Our data suggests that the attenuation of Hop expression inactivates key signal transduction proteins which may decrease the invasiveness of pancreatic cancer cells possibly through the modulation of Hsp90 activity. Therefore, targeting Hop in pancreatic cancer may constitute a viable strategy for targeted cancer therapy.

Introduction

Pancreatic adenocarcinoma is one of the most lethal and poorly understood human malignancies. The 5-year survival rate is between 1% and 4% [1], mainly due to the lack of effective therapies. Conventional treatment used to treat pancreatic cancer such as surgery, chemotherapy, radiation or combinations of these have had very little effect on the overall survival of this disease [2].

Hop (Hsp70/Hsp90-organising protein) or STIP1 (stress-induced phosphoprotein 1) mediates the association, and forms a physical complex with the molecular chaperones heat shock proteins (Hsp) Hsp70 and Hsp90 [3], [4] which is dependent on the hydrolysis of ATP and ADP/ATP exchange. Hop optimises the functional co-operation between Hsp70 and Hsp90 which requires highly co-ordinated interactions for the folding and conformational regulation of a variety of proteins [5]. The molecular chaperone complex of Hop, Hsp70 and Hsp90 is involved in the folding and maturation of key regulatory proteins involved in cell viability [6], such as steroid hormone receptors, transcription factors and kinases (some of which are involved in cancer progression). The role of Hop in tumour progression is not fully elucidated; however, Hop has been shown to be over expressed in colonic carcinoma cells [7] and in hepatocellular carcinoma (HCC) [8]. Hop is secreted by and shown to induce proliferation in glioma tumour cells through MAPK and P13K pathways [9]. Hop has also been implicated in the controlled death process. Bredemeyer et al. [10] confirmed Hop as a substrate of the apoptotic protease granzyme B (GzmB), as Hop was directly cleaved by GzmB in vitro and in cells undergoing GzmB-induced apoptosis.
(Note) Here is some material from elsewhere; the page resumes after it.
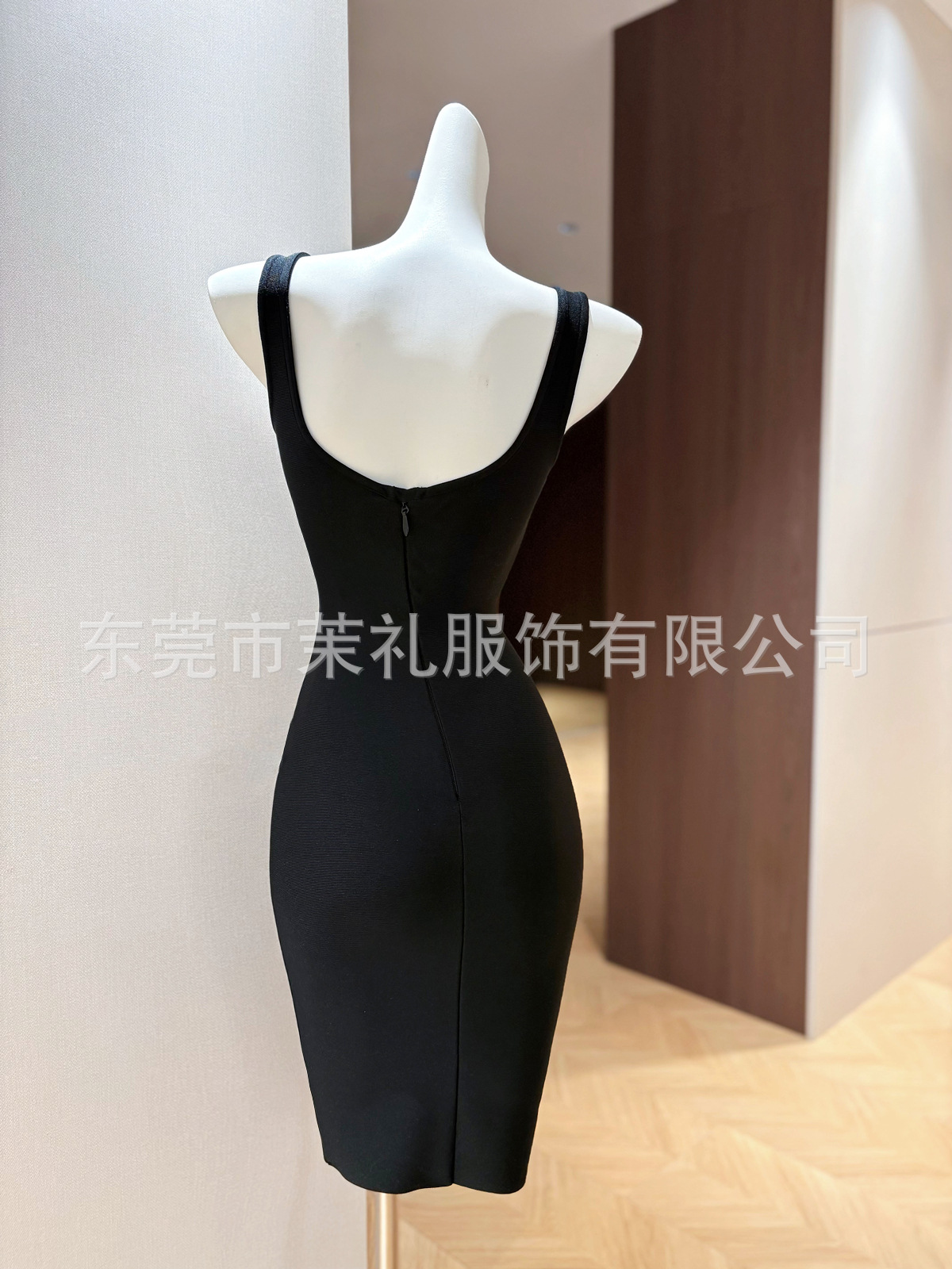 欧美2025跨境外贸纯欲风优雅抹胸露背修身连衣裙绷带裙

Expression of the two cleavage fragments of Hop did not induce cell death; however, cleavage of Hop by GzmB did result in loss of Hop function in vitro.
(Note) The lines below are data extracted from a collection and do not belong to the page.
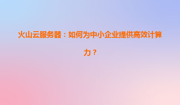 2025-03-28火山云服務(wù)器:如何為中小企業(yè)提供高效計算力? 在數(shù)字化轉(zhuǎn)型浪潮中,中小企業(yè)面臨著算力需求激增、IT成本高企、技術(shù)門檻復(fù)雜等多重挑戰(zhàn)。火山引擎憑借其云服務(wù)器產(chǎn)品及生態(tài)代理...
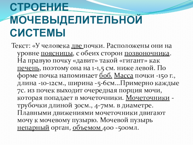 поясницы, с обеих сторон позвоночника. На правую почку «давит» такой «гигант» как печень, поэтому она на 1-1,5 см. ниже левой. По форме почка напоминает боб. Масса почки -150 г., длина -10-12см., ширина -5-6см...Примерно каждые 7с. из почек выходит очередная порция мочи, которая попадает в мочеточники. Мочеточники - трубочки длиной 30см., 4-7мм. в диаметре. Плавными движениями мочеточники двигают мочу к мочевому пузырю. Мочевой пузырь непарный орган, объемом 400 -500мл.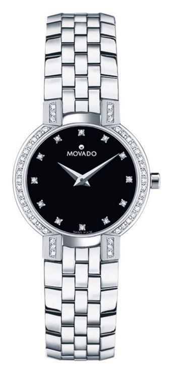 Model: 605586 - CASE = [Material:Stainless Steel], [Case Diameter:25], [Bezel:Fixed with Diamonds], [Case Back:Solid], [Water Resistant:30 Meters - 100 Feet], [Crystal:Scratch Resistant Sapphire], DIAL = [Color:Black with Diamonds], MOVEMENT = [Type:Quartz], [Crown:Push In], BAND = [Clasp:Deployment], [Type:Stainless Steel], (Usually ships in 1 to 2 weeks.)

There is increasing evidence that heat shock proteins play an important role in the development, maintenance and progression of cancer [11]. Heat shock proteins such as, Hsp90 and Hsp70 have previously been implicated in pancreatic cancer [12], [13]. Hsps are highly conserved molecules, which protect cells from various environmental damages, including stress and carcinogenesis [14] and are activated by the ubiquitin–proteasome pathway. The covalent attachment of ubiquitin to protein regulates a number of cellular processes including responses to stress. This process is responsible for selective targeting of proteins for degradation. The induced Hsps play roles as cellular chaperones, and many modulate apoptotic pathways, particularly those involving mitochondria, conferring protection from stressful stimuli including chemotherapeutic agents [15]. Hsp90 client proteins include mutated p53, Bcr-Abl, Raf-1, Akt, HER2 (ErbB2) and hypoxia inducible factor-1alpha (HIF-1alpha) [16].
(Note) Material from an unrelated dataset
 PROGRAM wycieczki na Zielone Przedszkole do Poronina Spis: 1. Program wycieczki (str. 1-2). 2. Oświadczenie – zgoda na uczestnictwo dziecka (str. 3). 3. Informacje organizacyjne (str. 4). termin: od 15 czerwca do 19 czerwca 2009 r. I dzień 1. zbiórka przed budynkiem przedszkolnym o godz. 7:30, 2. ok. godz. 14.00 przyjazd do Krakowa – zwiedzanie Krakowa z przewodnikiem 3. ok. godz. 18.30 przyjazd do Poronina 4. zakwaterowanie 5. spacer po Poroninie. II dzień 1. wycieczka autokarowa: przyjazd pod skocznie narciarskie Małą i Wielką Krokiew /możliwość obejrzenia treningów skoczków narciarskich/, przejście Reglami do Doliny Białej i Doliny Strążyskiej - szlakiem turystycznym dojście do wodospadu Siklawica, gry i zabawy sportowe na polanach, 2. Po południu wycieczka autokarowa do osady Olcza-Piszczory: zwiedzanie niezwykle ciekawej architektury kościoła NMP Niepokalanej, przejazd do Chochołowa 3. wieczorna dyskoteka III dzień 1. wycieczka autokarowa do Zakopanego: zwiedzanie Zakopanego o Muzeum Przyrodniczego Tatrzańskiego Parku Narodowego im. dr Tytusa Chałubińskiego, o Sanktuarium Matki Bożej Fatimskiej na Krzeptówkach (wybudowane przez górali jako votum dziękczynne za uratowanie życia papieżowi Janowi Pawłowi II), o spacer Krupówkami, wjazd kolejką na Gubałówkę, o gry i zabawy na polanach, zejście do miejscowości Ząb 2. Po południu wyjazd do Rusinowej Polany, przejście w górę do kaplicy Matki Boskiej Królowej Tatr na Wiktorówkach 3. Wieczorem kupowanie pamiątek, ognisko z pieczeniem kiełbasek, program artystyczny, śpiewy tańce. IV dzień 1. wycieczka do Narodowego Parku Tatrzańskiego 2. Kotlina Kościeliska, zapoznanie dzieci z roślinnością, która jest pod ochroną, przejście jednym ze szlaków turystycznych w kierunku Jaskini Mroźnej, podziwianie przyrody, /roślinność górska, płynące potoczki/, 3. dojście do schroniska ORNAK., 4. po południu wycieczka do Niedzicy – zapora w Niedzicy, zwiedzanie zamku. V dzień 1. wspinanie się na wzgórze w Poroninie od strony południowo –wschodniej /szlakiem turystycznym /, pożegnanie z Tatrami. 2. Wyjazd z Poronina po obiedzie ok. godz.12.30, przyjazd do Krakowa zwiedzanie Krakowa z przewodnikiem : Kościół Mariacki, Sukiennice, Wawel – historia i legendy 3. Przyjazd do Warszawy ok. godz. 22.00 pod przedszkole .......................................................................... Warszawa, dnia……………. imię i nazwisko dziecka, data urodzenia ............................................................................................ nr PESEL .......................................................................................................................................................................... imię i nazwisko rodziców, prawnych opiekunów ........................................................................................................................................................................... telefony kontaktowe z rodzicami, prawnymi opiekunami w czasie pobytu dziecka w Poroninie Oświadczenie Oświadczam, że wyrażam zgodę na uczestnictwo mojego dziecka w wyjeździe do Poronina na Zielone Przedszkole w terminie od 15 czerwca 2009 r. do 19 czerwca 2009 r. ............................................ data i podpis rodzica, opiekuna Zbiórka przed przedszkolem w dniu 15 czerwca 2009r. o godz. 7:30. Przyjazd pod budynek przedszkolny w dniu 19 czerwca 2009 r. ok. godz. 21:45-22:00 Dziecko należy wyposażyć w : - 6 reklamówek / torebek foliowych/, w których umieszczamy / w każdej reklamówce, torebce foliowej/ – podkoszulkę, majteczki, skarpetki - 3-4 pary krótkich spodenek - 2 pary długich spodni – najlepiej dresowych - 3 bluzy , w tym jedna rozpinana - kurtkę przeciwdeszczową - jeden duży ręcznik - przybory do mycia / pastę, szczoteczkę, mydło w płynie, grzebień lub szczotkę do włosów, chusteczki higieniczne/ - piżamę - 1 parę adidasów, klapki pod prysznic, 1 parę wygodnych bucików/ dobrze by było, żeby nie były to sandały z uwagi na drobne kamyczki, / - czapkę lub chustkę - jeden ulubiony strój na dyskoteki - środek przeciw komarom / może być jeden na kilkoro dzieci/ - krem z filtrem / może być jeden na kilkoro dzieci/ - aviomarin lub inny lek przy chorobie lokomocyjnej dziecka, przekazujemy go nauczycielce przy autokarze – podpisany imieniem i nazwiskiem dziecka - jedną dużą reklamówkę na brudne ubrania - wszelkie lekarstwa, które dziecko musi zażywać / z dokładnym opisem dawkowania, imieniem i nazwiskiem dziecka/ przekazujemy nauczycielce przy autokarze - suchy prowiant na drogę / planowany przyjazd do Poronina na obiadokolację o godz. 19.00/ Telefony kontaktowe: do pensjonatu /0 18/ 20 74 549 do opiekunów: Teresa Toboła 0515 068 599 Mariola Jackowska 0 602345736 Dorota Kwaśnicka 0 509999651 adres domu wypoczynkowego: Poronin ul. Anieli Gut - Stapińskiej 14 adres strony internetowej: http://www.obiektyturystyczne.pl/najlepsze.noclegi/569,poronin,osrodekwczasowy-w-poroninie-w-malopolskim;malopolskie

We previously profiled Hop expression in an in vitro pancreatic cancer cell line invasion model and pancreatic tumour tissue specimens [17]. In the present study, we hypothesised that modulation of Hop expression could alter invasion and affect the activity of Hsp90 and its client proteins; suppression of Hop by siRNA reduced invasion through decreased expression of MMP-2. We further show that modulation of Hop alters the activities of representative Hsp90 client proteins HER2, Bcr-Abl, c-MET and v-Src. This study reports that Hop is likely to play a role in invasion of pancreatic cancer cells, and possibly contribute to the highly aggressive metastatic phenotype of pancreatic cancer. In addition our findings support Hop as a potential therapeutic target for the treatment of pancreatic cancer.